Print every entry below again exactly as written, skipping the pictures.

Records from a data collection

◆ ◆ ◆ ◆ ◆

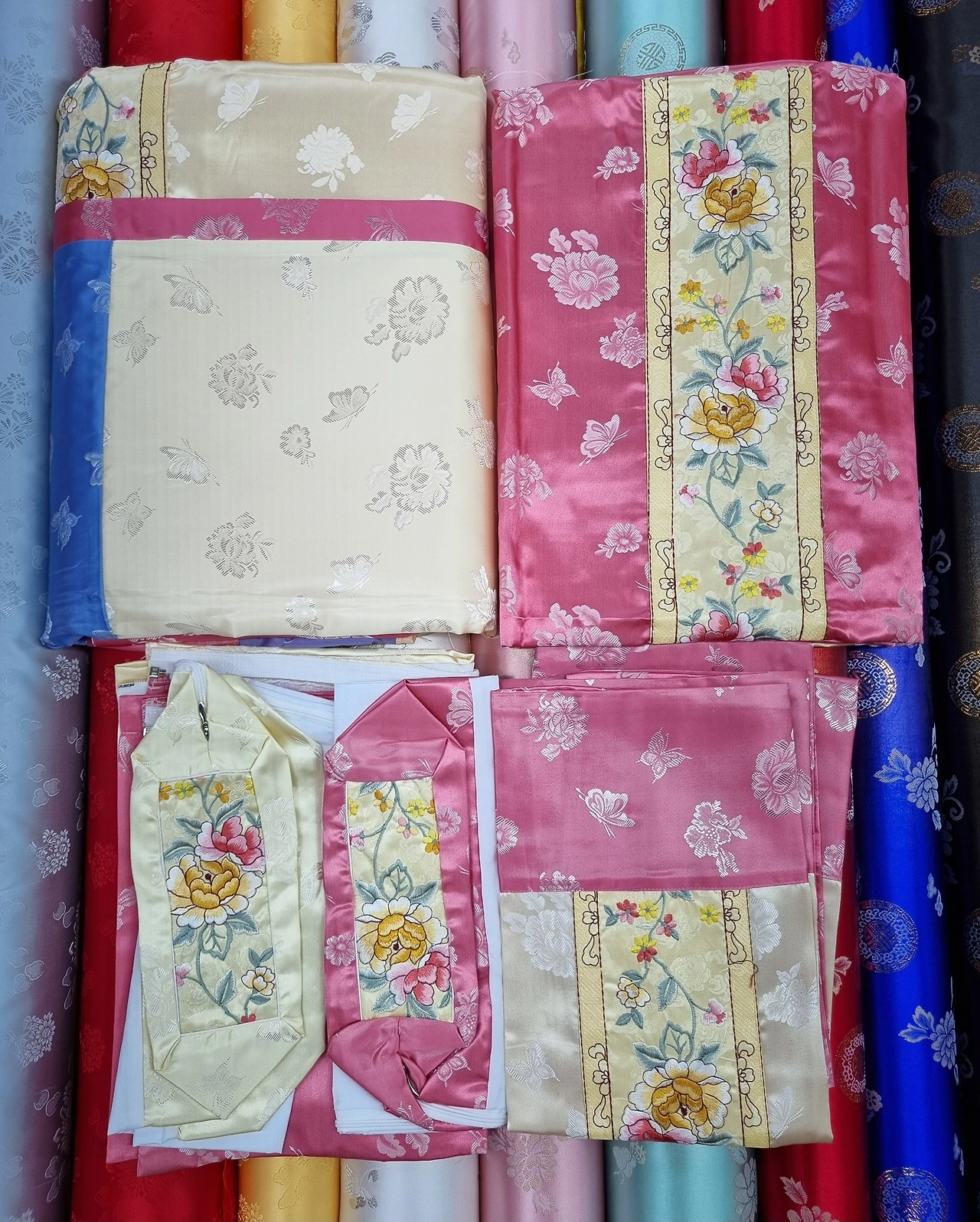 처음에는 기존에 있었던 양단 위주로 판매를 했지만 시간이 지나면서 다른 품목들을 찾는 손님들이 생기면서 새로운 품목들을 하나씩 하나씩 추가하게 되었다. 여기서는 주요 품목인 양단, 색동, 얇은 원단, 보자기, 이불보, 조각보 이불, 한실 이불 등에 대해서 이야기하겠다.
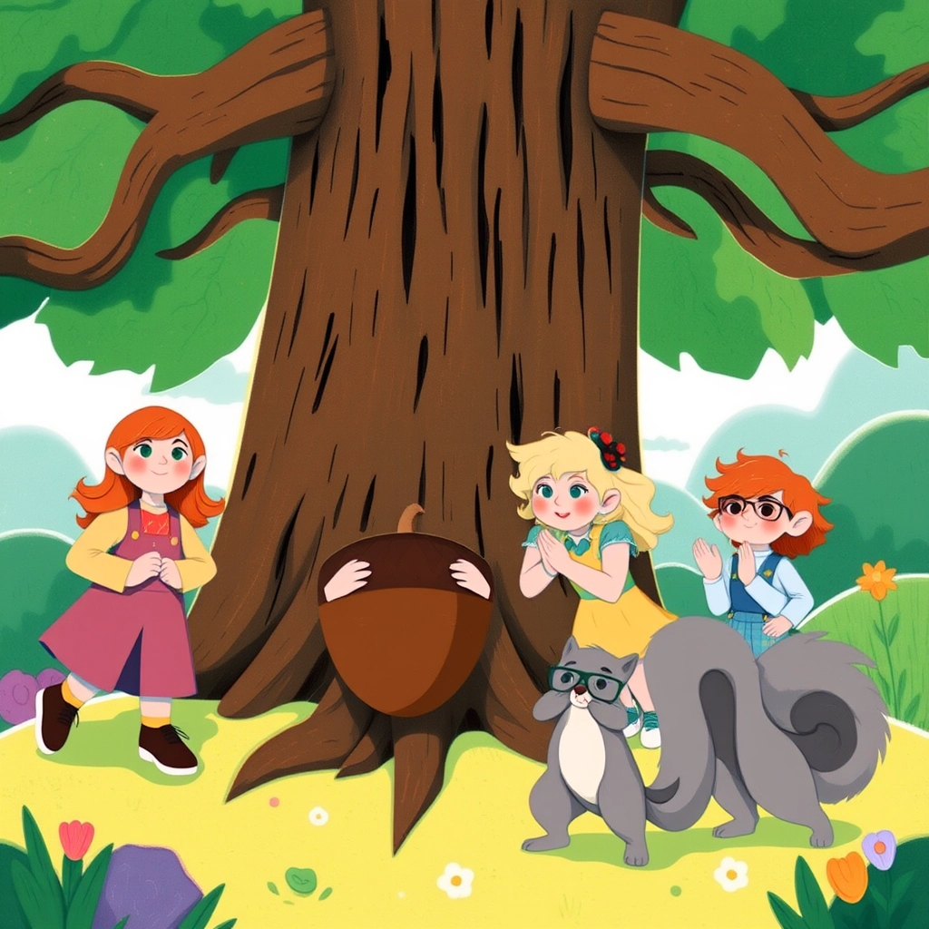 One day, while playing in the meadow, they met [Mr. Bumble](4XKHK9GW), a friendly, round squirrel who was struggling to carry a big acorn to his tree.
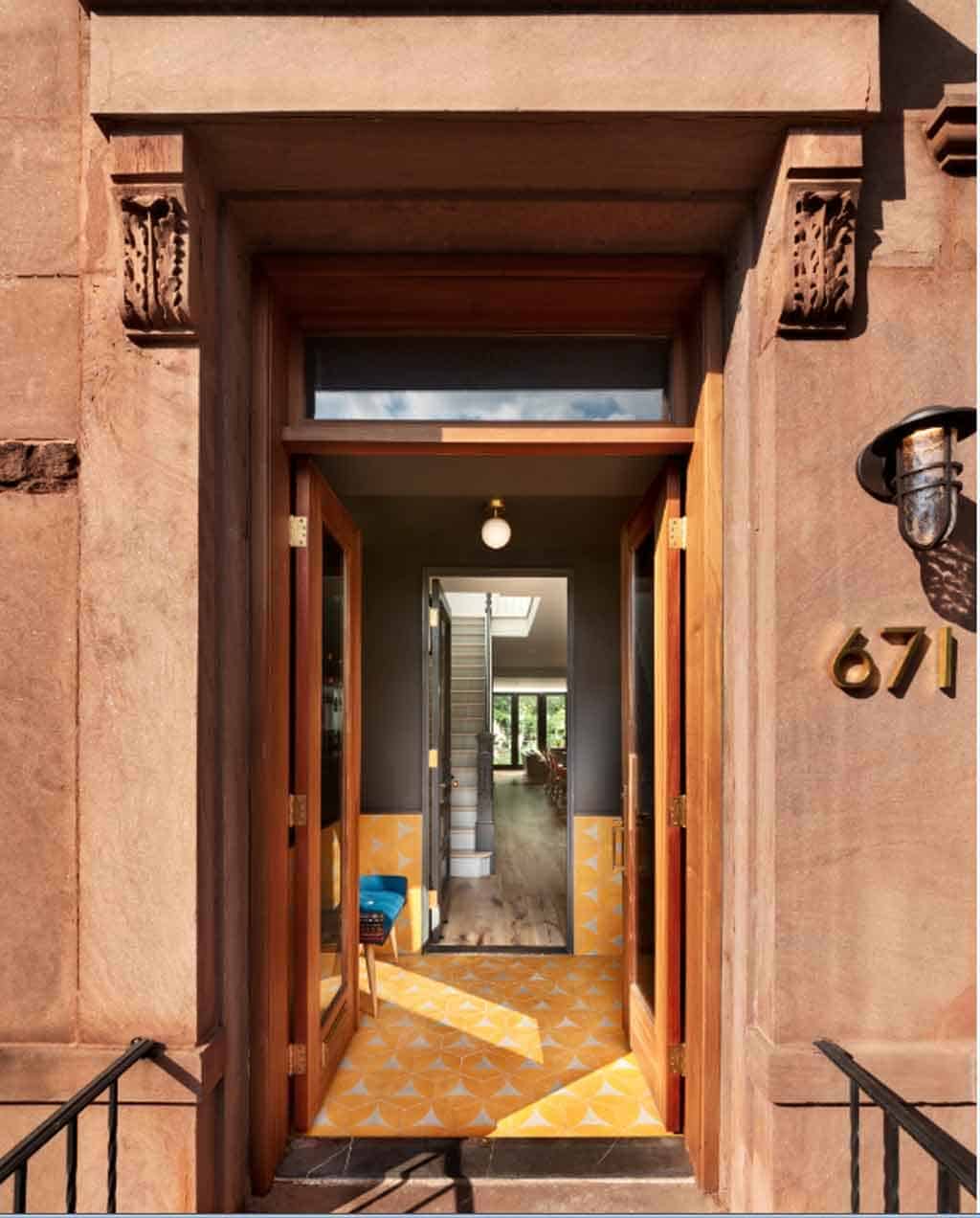 Ubicada en el barrio neoyorkino de Crown Heights, esta residencia de fachada rojiza se compone de elementos y piezas de carpintería con vívidos tratamientos de color tridimensionales que fueron puntuados por chimeneas y tragaluces para brindar una iluminación audaz. La firma de arquitectura BFDO Architects personalizó cada pieza de decoración para equilibrarlas entre los elementos de carpintería original. En la entrada, el diseño del vestíbulo se presenta como un punto focal, en este se mantuvo la puerta original pero se pintó de gris oscuro para contrastarla con las baldosas y accesorios.
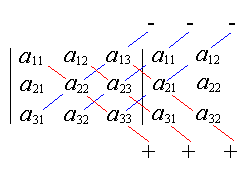 det(A) = a11·a22·a33 + a12·a23·a31 + a13·a21·a32 - a31·a22·a13 - a32·a23·a11 - a33·a21·a12
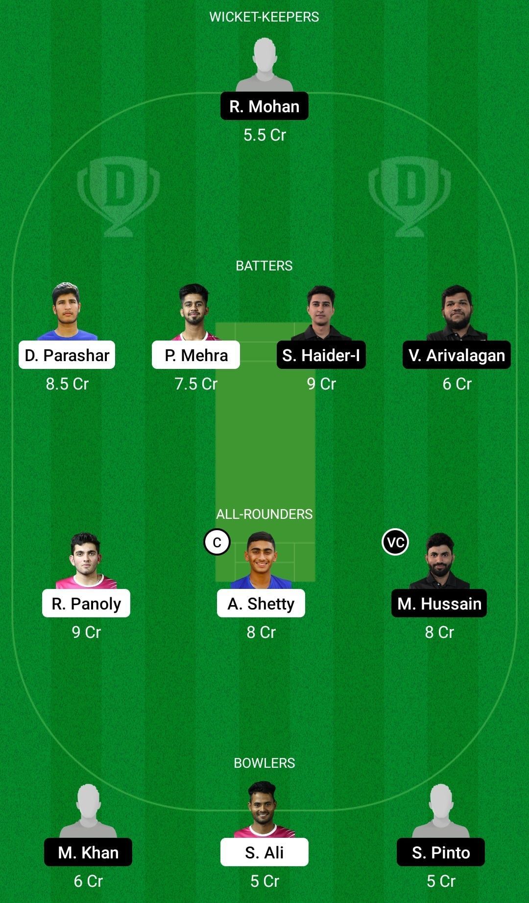 All-rounders: Ronak Panoly, Adithya Shetty (c), Mazhar Hussain (vc)
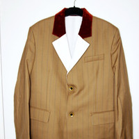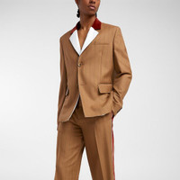 BNWT SS24 WALES BONNER PINSTRIPE WOOL HAILE JACKET 52 SIZE 52, MADE IN ITALY. BRAND NEW WITH STORE TAG. The Wales Bonner label offers a multifaceted aesthetic perspective in a blend of European heritage and Afro-Atlantic influence. This jacket from the spring collection is made of sumptuous virgin wool with rich velvet and immaculate white cotton accents, making it a must-have for summer. Wear it with its matching pant for a flawless outfit. Luxurious 100% virgin wool fabric, delicate lining Velvet accent collar with contrasting cotton underside Two buttons Flap pockets and a small pocket on the chest Centre vent behind Composition Fabric 1 100% virgin wool Fabric 2 100% cotton Lining 100% cotton

◆ ◆ ◆ ◆ ◆

> The answer
 처음에는 기존에 있었던 양단 위주로 판매를 했지만 시간이 지나면서 다른 품목들을 찾는 손님들이 생기면서 새로운 품목들을 하나씩 하나씩 추가하게 되었다. 여기서는 주요 품목인 양단, 색동, 얇은 원단, 보자기, 이불보, 조각보 이불, 한실 이불 등에 대해서 이야기하겠다.
 One day, while playing in the meadow, they met [Mr. Bumble](4XKHK9GW), a friendly, round squirrel who was struggling to carry a big acorn to his tree.
 Ubicada en el barrio neoyorkino de Crown Heights, esta residencia de fachada rojiza se compone de elementos y piezas de carpintería con vívidos tratamientos de color tridimensionales que fueron puntuados por chimeneas y tragaluces para brindar una iluminación audaz. La firma de arquitectura BFDO Architects personalizó cada pieza de decoración para equilibrarlas entre los elementos de carpintería original. En la entrada, el diseño del vestíbulo se presenta como un punto focal, en este se mantuvo la puerta original pero se pintó de gris oscuro para contrastarla con las baldosas y accesorios.
 det(A) = a11·a22·a33 + a12·a23·a31 + a13·a21·a32 - a31·a22·a13 - a32·a23·a11 - a33·a21·a12
 All-rounders: Ronak Panoly, Adithya Shetty (c), Mazhar Hussain (vc)
 BNWT SS24 WALES BONNER PINSTRIPE WOOL HAILE JACKET 52 SIZE 52, MADE IN ITALY. BRAND NEW WITH STORE TAG. The Wales Bonner label offers a multifaceted aesthetic perspective in a blend of European heritage and Afro-Atlantic influence. This jacket from the spring collection is made of sumptuous virgin wool with rich velvet and immaculate white cotton accents, making it a must-have for summer. Wear it with its matching pant for a flawless outfit. Luxurious 100% virgin wool fabric, delicate lining Velvet accent collar with contrasting cotton underside Two buttons Flap pockets and a small pocket on the chest Centre vent behind Composition Fabric 1 100% virgin wool Fabric 2 100% cotton Lining 100% cotton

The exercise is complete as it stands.